Census Funding Cuts Might Cost Rural America Billions

“With undercounted communities receiving less than their fair share of public funds, there will be undue economic pressure in rural communities, many of which are already struggling."

People living in rural areas, particularly in minority communities, are among those that could be most severely affected by underfunding and a lack of preparation for the 2020 Census, a new report highlights.

Census officials have long had difficulty in counting Americans in rural areas, but the challenge could be exacerbated in 2020 by a new focus on getting Americans to respond to the Census using the internet. The rural areas where people are traditionally hard to count have lower internet access and use rates than the rest of the country, according to the report, which was written by demographer William O’Hare for the Carsey School of Public Policy at the University of New Hampshire.
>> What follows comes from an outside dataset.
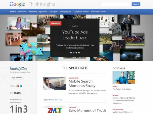 6. Google Think is a site for advertisers and similar professions to get marketing insights and inspiration straight from Google.

Failure to accurately count Americans living in rural areas would have significant consequences. Census data is used to determine how hundreds of billions of dollars in federal assistance are allocated. The data is also used to establish how electoral boundaries are drawn, determining how Americans are represented in Congress and statehouses across the country.

O’Hare identified hard-to-count counties as those places that had the lowest rates of mail return responses in the 2010 Census. His analysis showed “the more rural a county is, the higher the likelihood that it is among the hard-to-count.” A “substantial share” of those hard-to-count people are in places like the Deep South, Southwest and on Indian reservations in areas where African-Americans, hispanics and American Indians make up a majority of the population.

“With undercounted communities receiving less than their fair share of public funds, there will be undue economic pressure in rural communities, many of which are already struggling,” O’Hare said in a statement. “Special outreach will be needed to ensure a complete and accurate count in many rural parts of the nation.”

The report also noted people residing in Appalachia, particularly West Virginia, live in areas that are disproportionately hard to count. Migrant and seasonal farmworkers, who move frequently and often face English language barriers, will also be difficult to count, the report says.

Close watchers of the Census are deeply worried about preparations for the 2020 count, which is required by the Constitution. The U.S. Census Bureau has faced a $200 million shortfall since 2012 and recently canceled two of three dress rehearsal tests for 2020, one of which was supposed to take place in West Virginia.

Advocates are also worried the Census isn’t investing enough in community partnerships needed to build trust to convince people to respond to it. In addition, the bureau has no permanent leadership in place and the White House is reportedly considering a political science professor with no political experience in the department’s chief operational role.

In an effort to be more efficient, the 2020 Census will allow households to respond to an initial inquiry for the first time using the internet, instead of through a mailer. The Census will follow up with households that don’t respond to its initial inquiry, but O’Hare’s report notes that 21 percent of households in rural areas lack internet access, compared to 13 percent in urban areas.

“The paper mode of data collection will not be emphasized like the internet response will be, and Census Bureau research shows that the self-response rates for some groups decrease when an internet mode of response is added,” he wrote.